Given entries section start

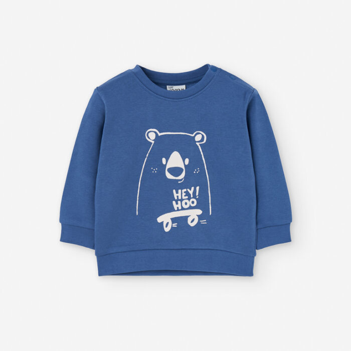 La sudadera Losan oso en azul para bebé niño es una prenda encantadora y muy cómoda, ideal para los días más frescos.
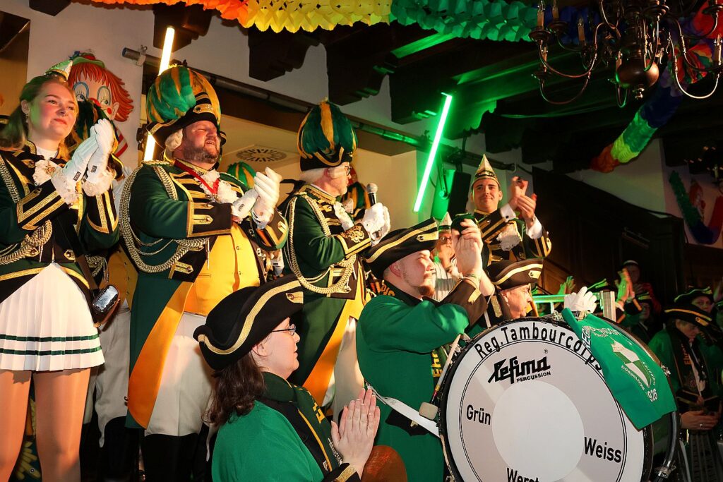 Die Ehrengarde wurde musikalisch aus Wersten vom Tambourcorps Grün-Weiss verstärkt. Gemeinsam mit Sänger Eric Stephan gestalteten sie den Auftakt am Samstagabend (10.1.). Bunt kostümierte Gäste stimmten auch begeistert bei der Musik der Band Tante Käthe mit ein.
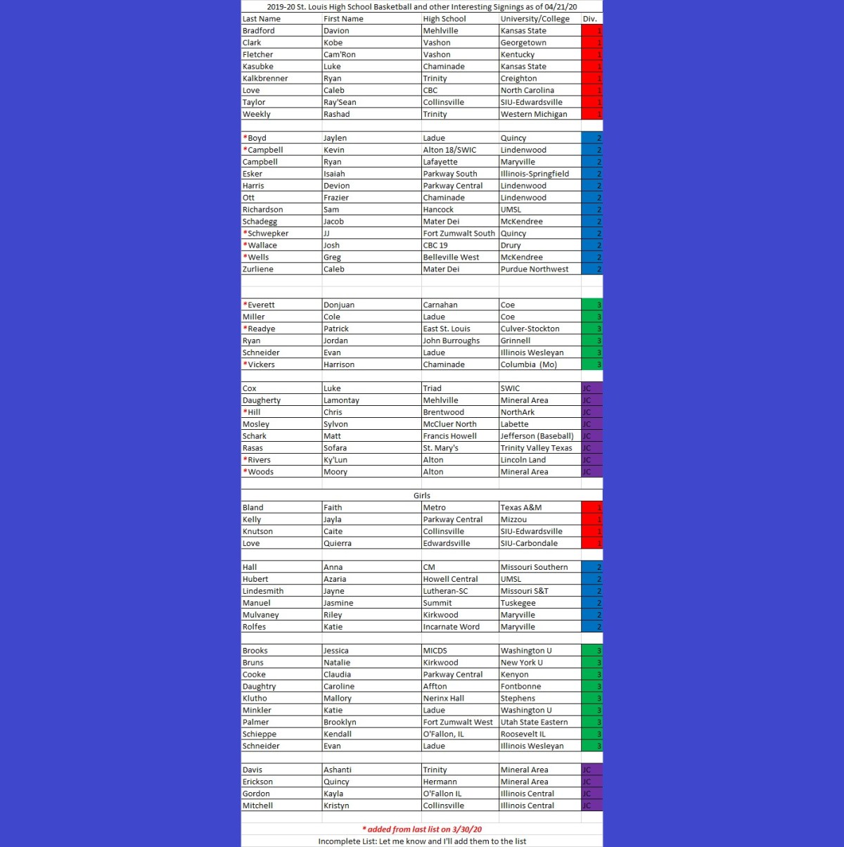 HSBB St. Louis Metro Basketball College Signings as of 04/21/2020 Share this: Click to share on X (Opens in new window) X Click to share on Facebook (Opens in new window) Facebook Like Loading...
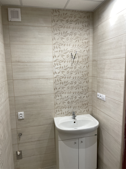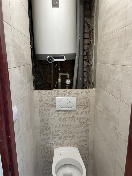 V cihlovém činžovním domě v bytě 2+1 jsme prováděli rekonstrukci zděného bytového jádra. Částečně jsme jádro přestavěli do jiného tvaru. V nové koupelně je instalován sprchový kout s odtokovým žlabem. V prostoru WC je ve stoupačce nainstalován bojler pro ohřev TUV.
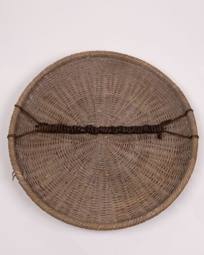 This is a woven bowl, possibly made of wicker or a similar natural material. The bowl is round with a woven pattern. The inside of the bowl has been painted in various colors and patterns. It has a green background with white and green detailing. The underside shows the natural woven material. It is in good condition overall.

Given entries section end

> **Activity**
The data above must be written out again without alteration, and the pictures in them must be excluded.

> **Result below**
 La sudadera Losan oso en azul para bebé niño es una prenda encantadora y muy cómoda, ideal para los días más frescos.
 Die Ehrengarde wurde musikalisch aus Wersten vom Tambourcorps Grün-Weiss verstärkt. Gemeinsam mit Sänger Eric Stephan gestalteten sie den Auftakt am Samstagabend (10.1.). Bunt kostümierte Gäste stimmten auch begeistert bei der Musik der Band Tante Käthe mit ein.
 HSBB St. Louis Metro Basketball College Signings as of 04/21/2020 Share this: Click to share on X (Opens in new window) X Click to share on Facebook (Opens in new window) Facebook Like Loading...
 V cihlovém činžovním domě v bytě 2+1 jsme prováděli rekonstrukci zděného bytového jádra. Částečně jsme jádro přestavěli do jiného tvaru. V nové koupelně je instalován sprchový kout s odtokovým žlabem. V prostoru WC je ve stoupačce nainstalován bojler pro ohřev TUV.
 This is a woven bowl, possibly made of wicker or a similar natural material. The bowl is round with a woven pattern. The inside of the bowl has been painted in various colors and patterns. It has a green background with white and green detailing. The underside shows the natural woven material. It is in good condition overall.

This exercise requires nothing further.